Pod koniec ubiegłego roku informowaliśmy o testach nowego systemu skanowania twarzy w sieci sklepów Żabka. Technologia pozwalała nie tylko liczyć klientów, ale również ustalać ich płeć i orientacyjny wiek.
Generalny Inspektorat Ochrony Danych Osobowych poinformował, że zajmie się całą sprawą. Co prawda nie podaje, że chodzi konkretnie o sklepy Żabka, jednak informuje, że zweryfikuje sklepy stacjonarne w ramach kontroli sektorowych.
Kontrola będzie dotyczyć między innymi „przetwarzania danych osobowych w związku ze stosowaniem monitoringu pozwalającego na profilowanie klientów”. GIODO wyjaśnia, że pojawiają się zastrzeżenia odnośnie sklepów, które korzystają w tym celu z kamer.

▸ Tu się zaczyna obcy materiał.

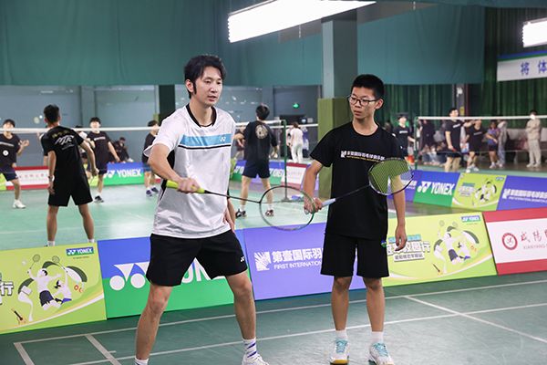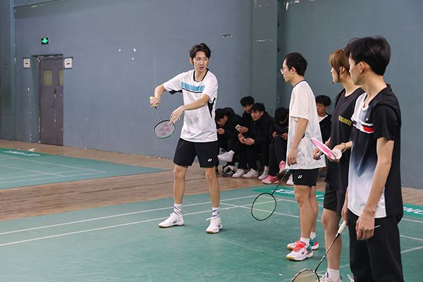 交流会后,韩呈恺来到学校羽毛球馆,为羽毛球爱好者展开现场互动指导。他通过趣味热身、实战演示和动作纠正,带领同学们深入体会技术细节,现场氛围热烈。随后进行的男子双打交流赛,进一步拉近了师生与冠军的距离,也让同学们在轻松愉快的互动中感受到羽毛球运动的魅力。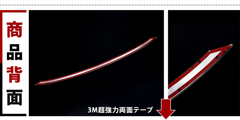 ■超強力両面テープ取付け済みです。粘着力が強い上、穴あけ加工など不要のため、素人でもご愛車に傷つかなく簡単装着できます。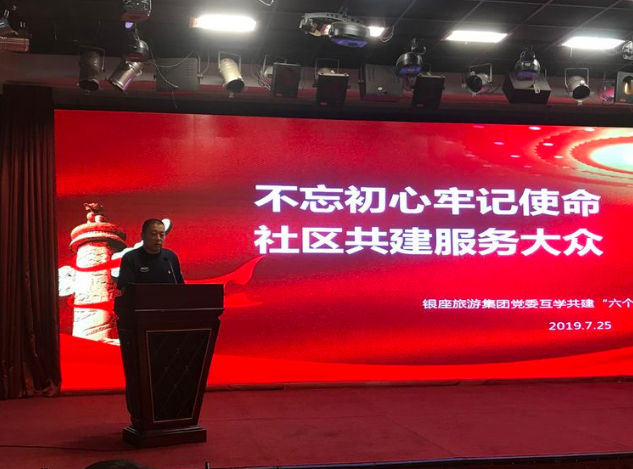 為貫徹落實(shí)開(kāi)展不忘初心,牢記使命,加強(qiáng)棋盤(pán)街社區(qū)黨委與山東銀座旅游集團(tuán)黨委組織互助共建,棋盤(pán)街社區(qū)黨委聯(lián)合山東銀座旅游集團(tuán)黨委于2019年7月25日下午,開(kāi)展互學(xué)共建“六個(gè)一”交流活動(dòng),并簽訂“共建協(xié)議書(shū)”。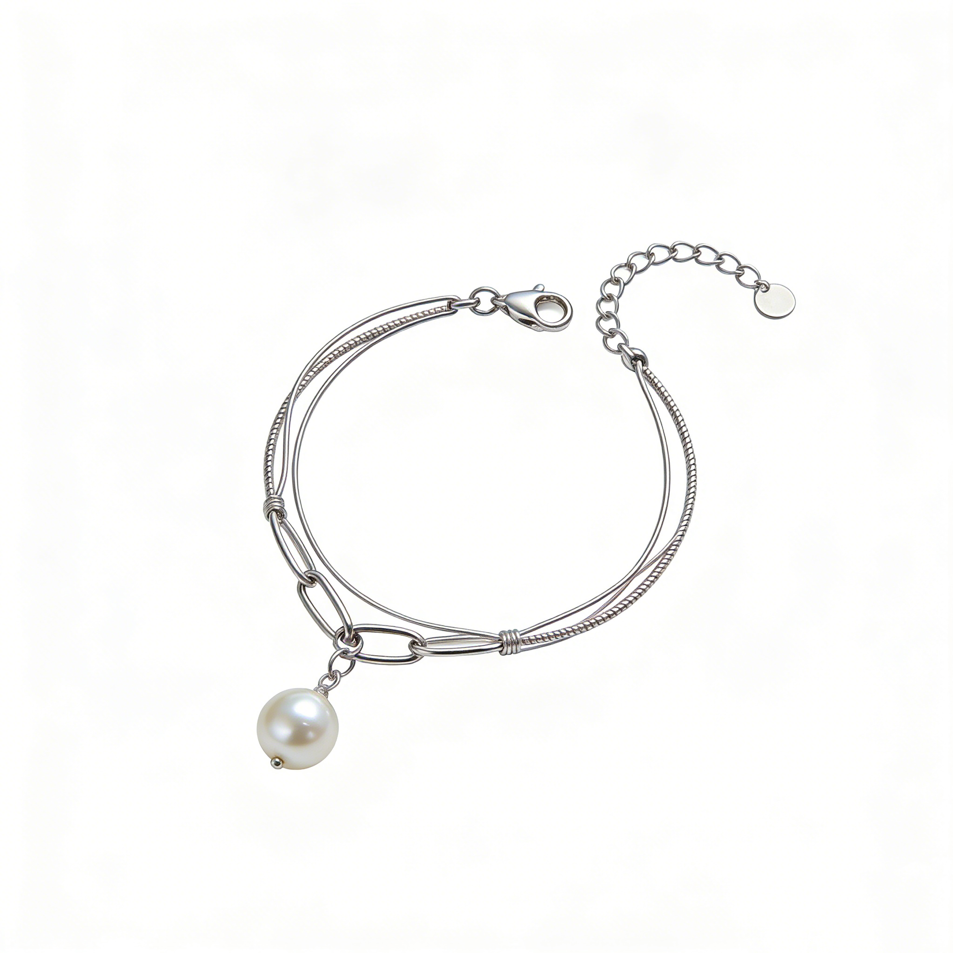 Elevate your everyday elegance with this refined double-layer bracelet, featuring delicate thin chains adorned with a lustrous pearl pendant. The adjustable design ensures a perfect fit for any wrist, while the polished silver finish adds timeless sophistication to both casual and formal occasions. A versatile piece that effortlessly transitions from day to evening, this bracelet combines minimalist aesthetics with understated luxury for the discerning wearer.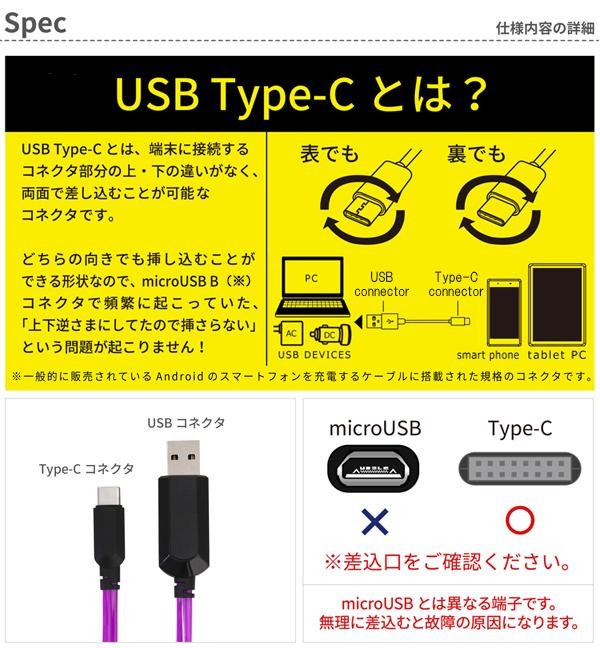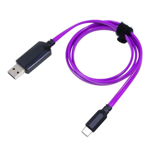 Type-C搭載の機器に使用できる、充電とデータ通信に対応したUSBケーブルです。バッテリー残量によって光の流れる速度が変わり、おおよその充電量を目視で確認する事ができます。充電開始と共に光を放ち、暗闇で使用するとよりイルミネーションを堪能できます。 |

Warto dodać, że sieć sklepów Żabka wycofała się już z tego pomysłu. Przedstawiciele tłumaczą, że zakończyli testy technologii i ostatecznie zrezygnowali z jej masowego wdrożenia.
Właściciel firmy, która montuje podobne systemy, tłumaczył w rozmowie z money.pl, że tego typu monitoring jest dostępny w wielu sklepach. Technologia jest także obecna w kościołach. Księża wykorzystują to rozwiązanie do liczenia wiernych.